FAULKNER, MISSISSIPPI;\o7 By Edouard Glissant; (Farrar, Straus and Giroux: 274 pp., $25)\f7

May 16, 1999|JONATHAN LEVI

A few years after the 1970 Black Panthers trial in New Haven, Conn., Cleanth Brooks stood at the well of a packed lecture theater. It was April, and Brooks was the dean of Faulknerians, a courtly, white-haired gent of medium height, and the subject of that afternoon was William Faulkner's short story, "That Evening Sun." I don't know whether it was the odor of magnolia that wafted into the hall or just some pedagogical whim, but in the manner, one could only guess, of an old-time patrician white Southern gentleman entertaining his male guests after dinner, Brooks looked up from his notes and began to sing.

"I hates to see dat evenin' sun go down," he shuffled behind the podium to the chorus of "St. Louis Woman." "I hates to see dat' evenin' sun go down." Shuffle, shuffle.
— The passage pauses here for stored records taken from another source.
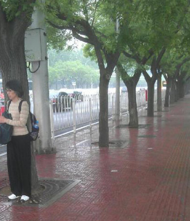 8日上午,北京城区出现降水。(图片来源:新浪微博)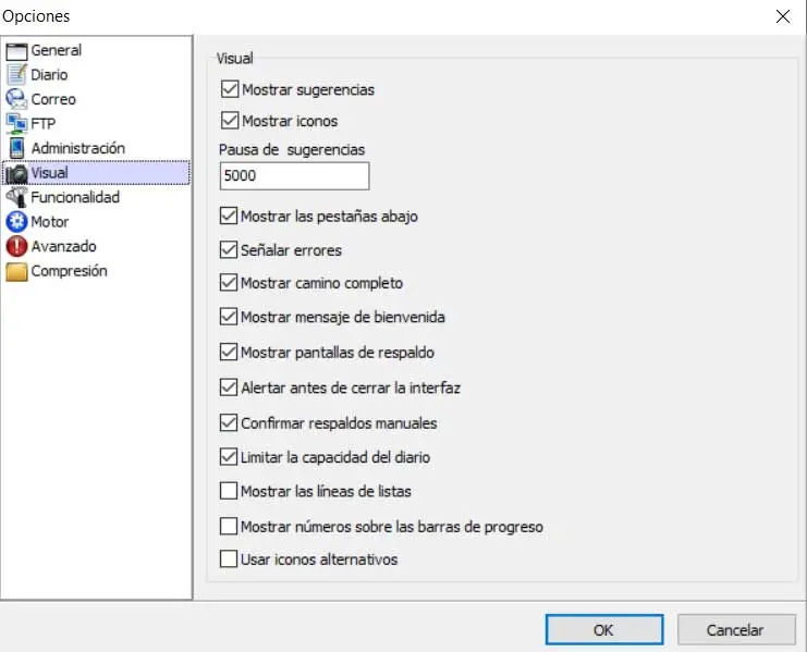 Dans le même temps, il est également important que nous puissions configurer l’interface utilisateur de l’application en fonction de nos besoins personnels. Par conséquent, à partir de la section appelée Visual, nous pouvons le faire. Ici, nous n’avons qu’à marquer les éléments que nous voulons être visibles pour le plus grand nombre que la liste montrée ici montre.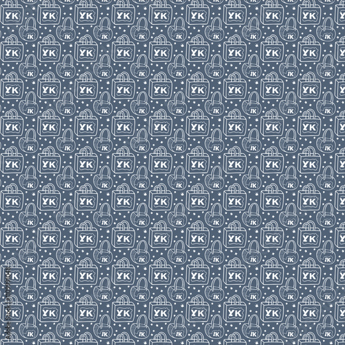 Repeating Hand-Drawn YK Pattern on Dusty Blue Background. AI Generated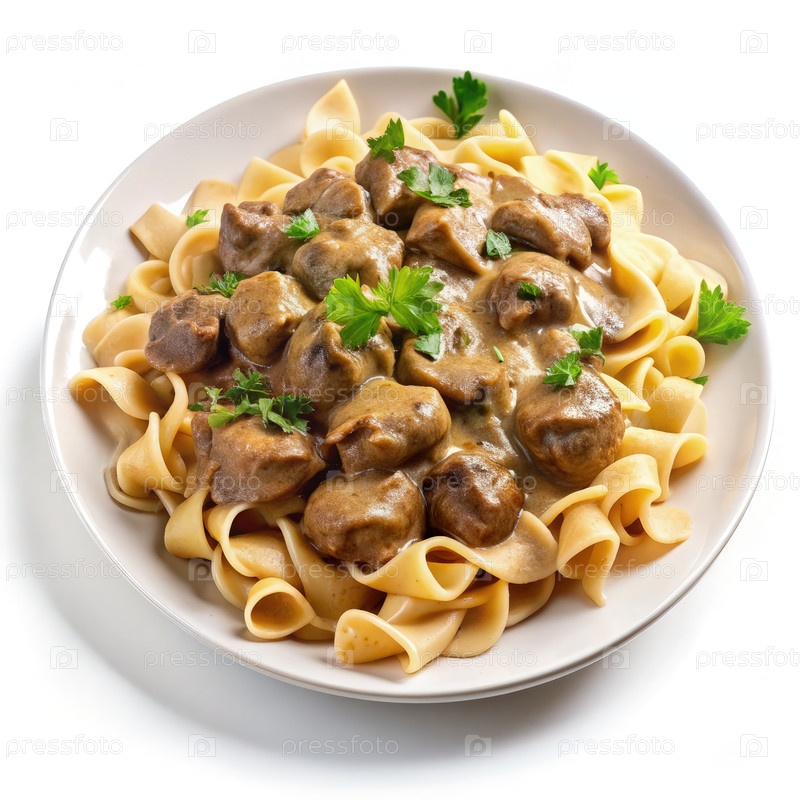 Огромная порция говядины-строганофа с нежными лапшами, украшенной свежим петрушком на чистом белом фоне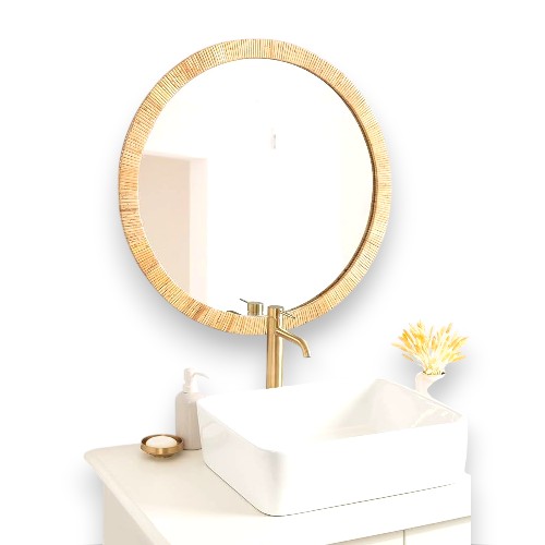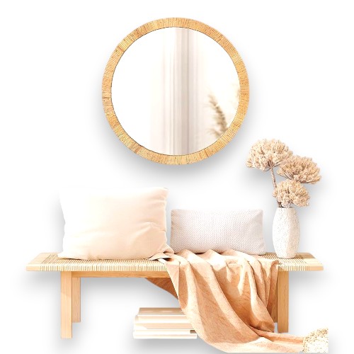 Este espejo redondo con marco de ratán tejido a mano es una pieza decorativa que aporta equilibrio, calidez y estilo a cualquier ambiente. Su diseño circular evoca armonía y suavidad visual, mientras que el material natural del marco ofrece un toque rústico y artesanal que se adapta fácilmente a estilos boho, mediterráneo, escandinavo o tropical.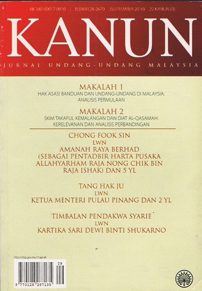 Jurnal undang undang malaysia. The journal emphasises on formation and application of law to the masses in malaysia south east asia and other regions in the world. Academia edu is a platform for academics to share research papers. Pendapat yang dikemukakan dalam jurnal ini merupakan pendapat penulis dan tidak semestinya mencerminkan pandangan sidang editor atau dewan bahasa dan pustaka. Jurnal undang undang dan masyarakat juum issn 1394 7729 is a malaysian journal of law and society published twice a year in april and september by ukm press.

One hundred jaws in a variety of colors, went slack. Even in those Edenic days before political correctness (and even before Slim Pickens taught Cleavon Little how to sing in "Blazing Saddles"), Brooks' manner of dramatic presentation of Faulkner made more than a few people nervous.

So it is hardly surprising that, 15 years later, when Edouard Glissant stood before an audience of African American students and professors at Southern University in Baton Rouge and argued that it was time for a reconsideration of William Faulkner, for a fresh, black reading of his works, that a similar dropping of jaws occurred.

Faulkner was a man whose views on race were only slightly less complex than his prose. He made many enemies among his white neighbors with his emphatic and vocal opposition to enforced segregation of schools and universities. But he was also a man who was reported as saying, "But if it came to fighting, I'd fight for Mississippi against the United States even if it meant going out into the street and shooting Negroes. After all, I'm not going to shoot Mississippians [meaning whites]." Although Faulkner's superb biographer Frederick Karl makes a strong defense--attributing this latter statement to depression, drink and a dunning by the British journalist Russell Howe--none of Faulkner's millions of words can be easily dismissed.

Yet Glissant, in his book-length essay, "Faulkner, Mississippi," makes a strong case for a reassessment of the author of not only the great middle tragedies "The Sound and the Fury," "Absalom, Absalom" and "Light in August" but also of the poet of the white trash Snopeses of "The Hamlet" and the underappreciated "Intruder in the Dust." His case is nothing less than that, no matter how Faulkner's personal Furies twisted his public speech, Faulkner was a great, world-beating multiculturalist.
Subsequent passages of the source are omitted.